Werner, meanwhile, is writing. His great plan is the GSN (the Great Salto Novel). However, before we get there, we see his prodigious output (full details given with quite a few samples) and his generally failed attempts to get them published. (On one occasion, when he is back in Salto, he submits a work to the local paper on which Luis is working. This is the only time their paths vaguely cross till the very end of the book. Luis does not see the letter as it is the editor who reads it and replies and gets a torrent of invective from Werner, criticising both his literary abilities and his knowledge of the Spanish language.
Unlike Luis, Werner does not do too well with the opposite sex. He has a friend, Renata – he calls her his ally – but no girlfriend. Through a male friend he joins a club which seems to be devoted to pornographic activities, which makes him ill. He masturbates frequently and gets caught, when one day he gets an anonymous phone call from someone who has clearly been watching him masturbate and worries that he will tell everybody.
He struggles to earn money. For example, someone has set up a website where people reveal (anonymously) their most intimate secrets, usually sexual. He has to invent new personae and stories but the owners find his contributions too literary.
His mother suggests that he try and get a normal job and even makes some (to us) intelligent suggestions but he is having none of it. If he does take a normal job, he will lose his vapour. He uses the term vapour to describe his inspiration and how it comes to him. It needs to be carefully managed. Eventually, she lines up job interviews for him.
There is a third key character who does not, in fact, appear. He is Eldon Szavost, a highly prolific writer who is Werner’s favourite writer. The first question is: does he exist? There are doubts as he seems to produce three long books every year. (We get the titles and even occasional samples). Is Szavost really a group of people as has been suggested? Whatever the case Werner and Renata tend to go to an annual symposium devoted to him. Reading Szavost enriches his vapour. If you look at the bibliography of our author, you will see his other published work was published under the name Sandor Szavost, who, in this book, is the father of Eldon.
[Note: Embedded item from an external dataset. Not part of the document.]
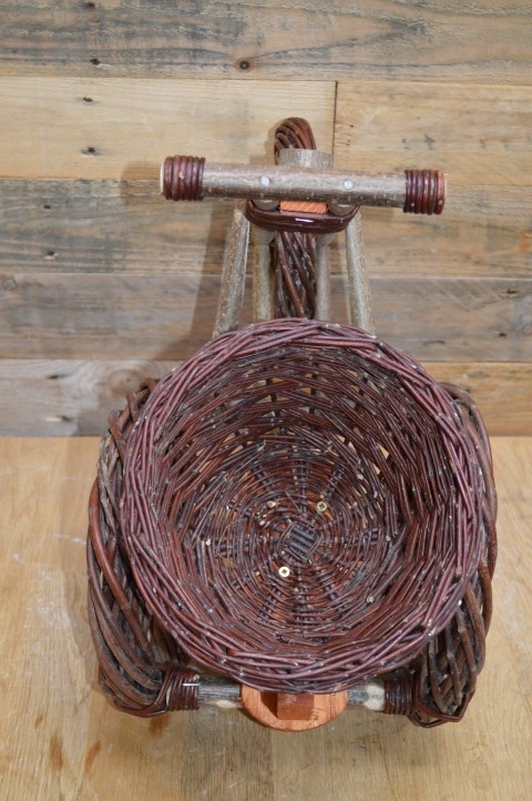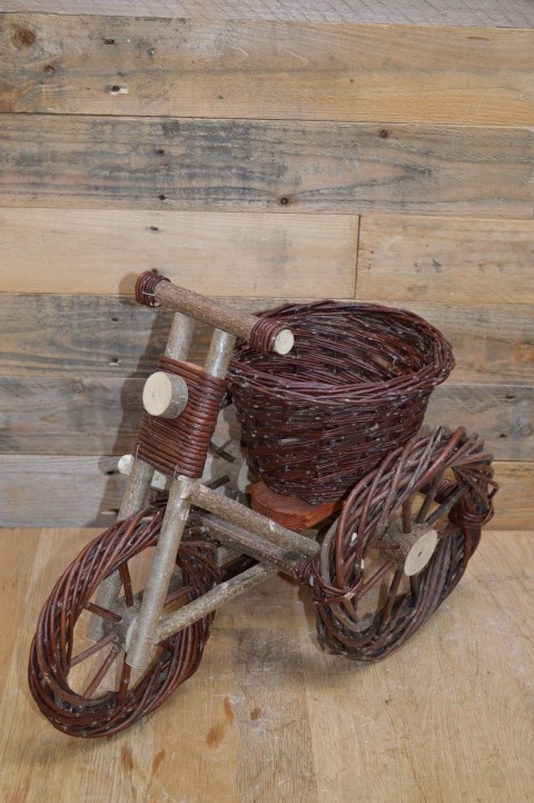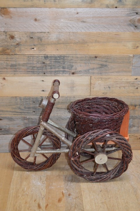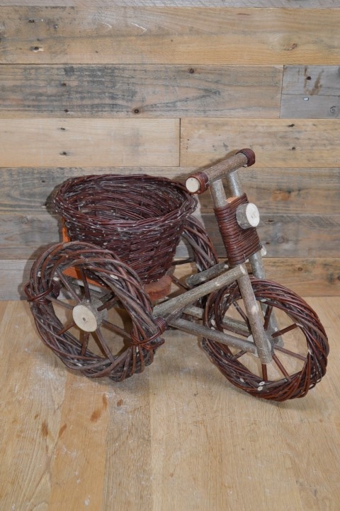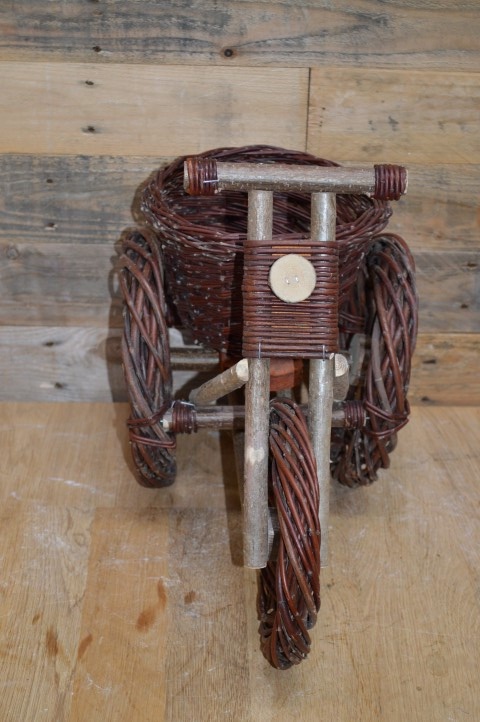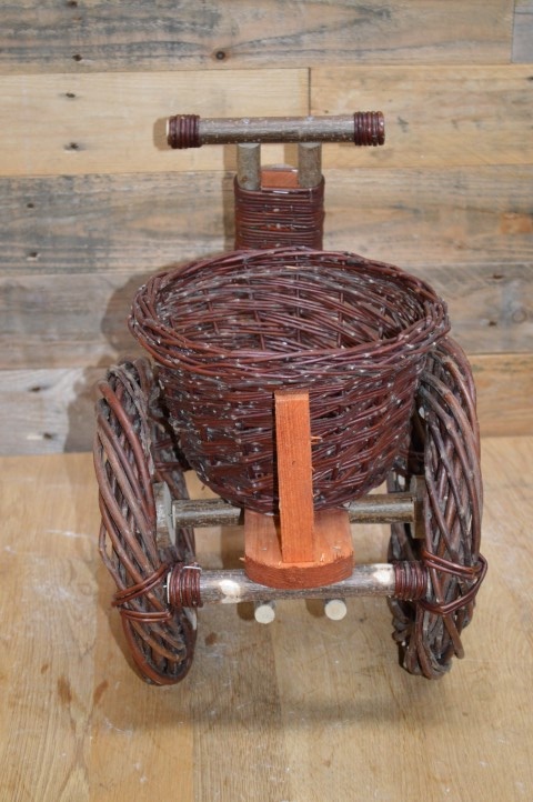 Driewieler fiets van wilgentenen met een bakje. Mooi stevig gevlochten plantenbakje uit wilgentenen met een frame van takken. Het is een geweldig decoratief met de hand gevlochten bloembakje voor binnen of buiten. Dit fietsje is de kleinere broer van het grotere driewielertje elders op de site.

However, there is an enemy and he is Ernestino Camacho. Camacho is a Salto writer but, unlike, Werner, he has had some success. He has even written a books called, simply, Salto. In Werner’s view he is a terrible, conventional writer, devoid of any talent. But people read him. Indeed it is estimated ninety percent of Salto households have at least a copy of one of his book. He is THE ENEMY.
The title, by the way, comes from a song by the best band in Salto, Los Muertos [The Dead but presumably nothing to do with the Grateful Dead].
We have the stories of two troubled young men, both of whom have clear ambitions, Werner to be a published writer and Luis to be a sports journalist. Both fail because of their own inherent failings, caused to a great extent by mental health issues, even though both are firmly committed to their cause. Both struggle with life – diet, drugs and alcohol, social interactions. Both are helped by their caring mothers though both mothers find it difficult to persuade their respective sons to change their way of life. Ultimately, neither fits in with the society in which they live and seem unwilling to make the necessary compromises that most of us have to make.
This is a very long book and wonderfully chaotic. It goes off on all sorts of tangents with various other writers (would-be and actual) making an appearance and showing that there are ways other than Werner’s ways, even though these ways inevitably involve some compromises. Because of the length, we get very deeply involved in the lives of Werner and Luis, their foibles, their weaknesses, their failings and their struggles. Sadly, I cannot see it being translated into English.